SALK is performed under general or local anesthesia. The type of anesthesia used depends on the age and cooperation of the patient. The SALK procedure takes place in two stages. In stage one, the surgeon obtains a pachymetry. S/he removes a large flap using a microkeratome head and repositions it in a process similar to a routine LASIK. The patient is released to go home to return six weeks later for the second procedure. 

In the second part of the surgery, with the patient under local anesthesia (can prevent scar formation), the surgeon:

  • Uses a vacuum trephine to make a partial-thickness cut through the LASIK-style flap and leaves a 1mm flap rim
  • Peels away the flap (section of lamellar) that has been trephined
  • Replaces the flap with donor tissue of the same size
  • Uses a microkeratome head to create a corneal donor cap. S/he then cuts the cap with a trephine
  • Places the donor cap on the recipient’s bed
  • In microkeratome-assisted SALK, the surgeon sutures the donor graft into the recipient bed
  • Places a bandage contact lens
  • May use intraoperative keratometry to position the donor tissue and minimize astigmatism

In femtosecond laser-assisted SALK, the surgeon uses an anterior segment optical coherence tomography to measure the corneal pathology's depth.
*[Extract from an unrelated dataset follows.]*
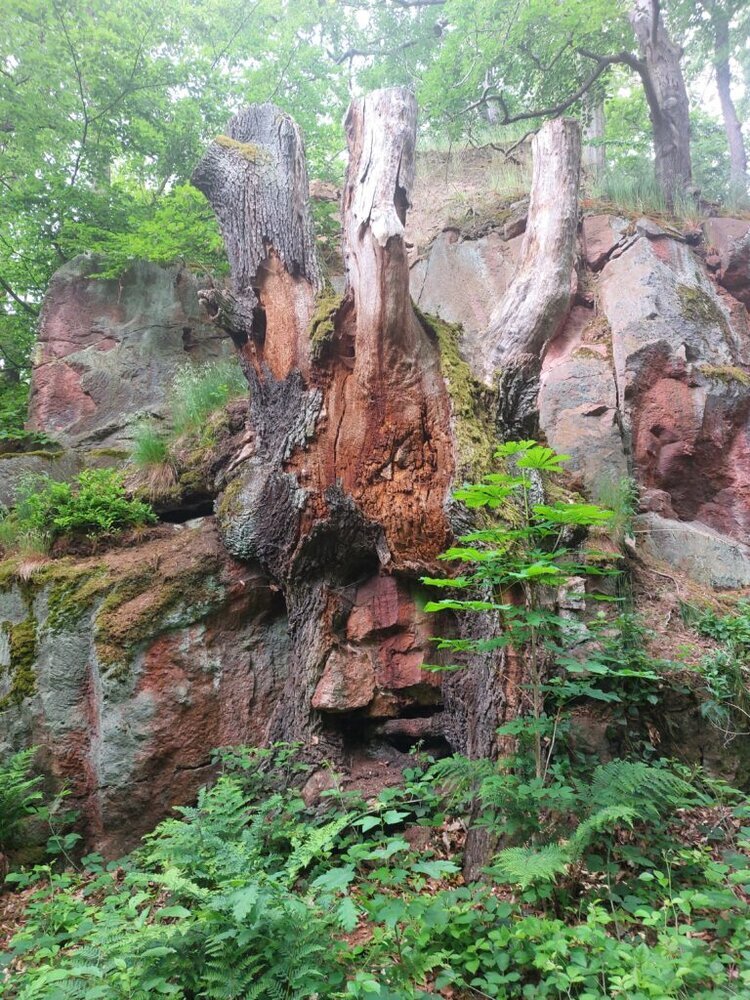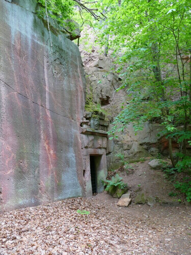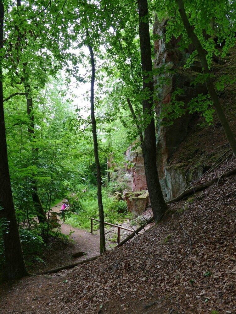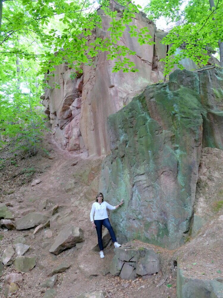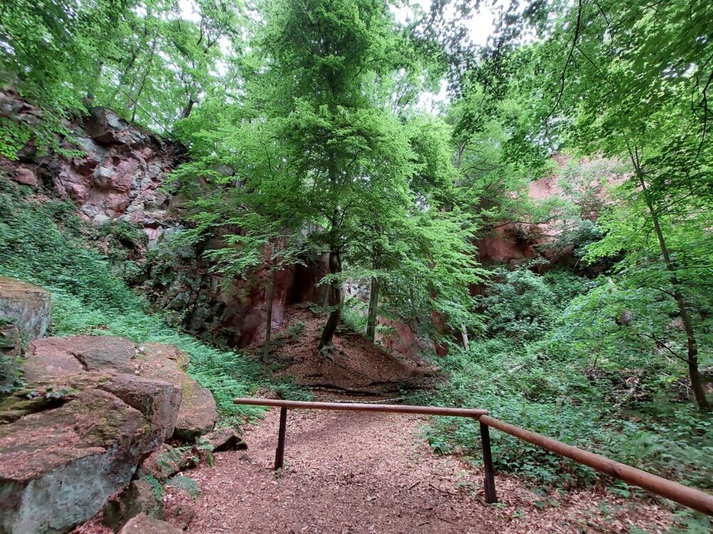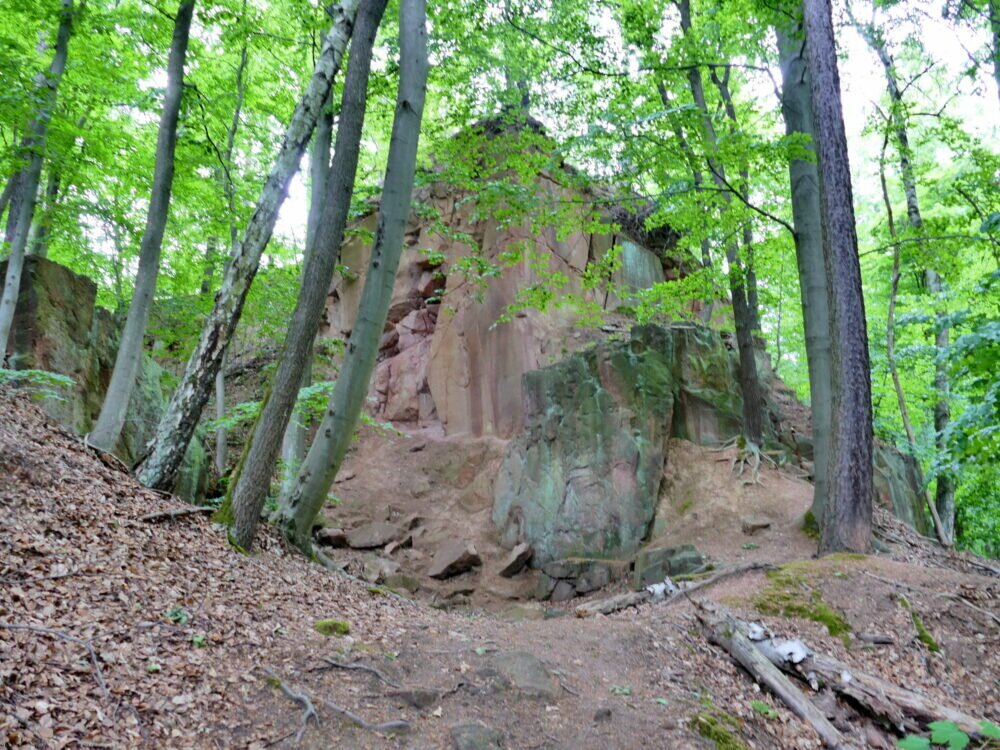 Man kann in den aufgegebenen Steinbrüchen herumlaufen in den dafür angelegten Wegen. Die Natur hat sich den freigelegten Stein schon wieder erobert mit Bewuchs von Moosen und Bäumen.

S/he uses a femtosecond laser to create the lamellar cut. The surgeon then removes the scarred tissue and replaces it with the donor lenticule of the cornea. S/he dries the incision, checks the adhesion of the flap, and places a bandage contact lens. No sutures are used.

Risks & Complications

SALK is a minimally invasive procedure; therefore, the risks and complications are limited primarily because no sutures are used in some of the SALK procedures. There is no graft rejection. However, complications associated with Femtosecond laser-assisted SALK may include:

  • Dry eye
  • Anisometropia
  • Suspicious ectasia
  • Epithelial ingrowth
  • Recurrence of pathology
  • Residual corneal pathology
  • Irregular astigmatism which can limit visual improvement


Aftercare & Recovery

The patient will need topical corticosteroid drops to be administered every two hours for ten days. The drops will be tapered over the next six to eight weeks, depending on the patient's condition.

The first follow-up visit will take place the day after the procedure. The next visit takes place a month later and for several years, according to the surgeon's instructions.


SALK improves vision when it minimizes ectasia after refractive surgery and keratectasia in keratoconus patients. One study reported improved best-corrected visual acuity in 100% of the operated eyes, with 80% of the eyes improved within the first month. There was also an improvement in refractive astigmatism by 0.7 diopters.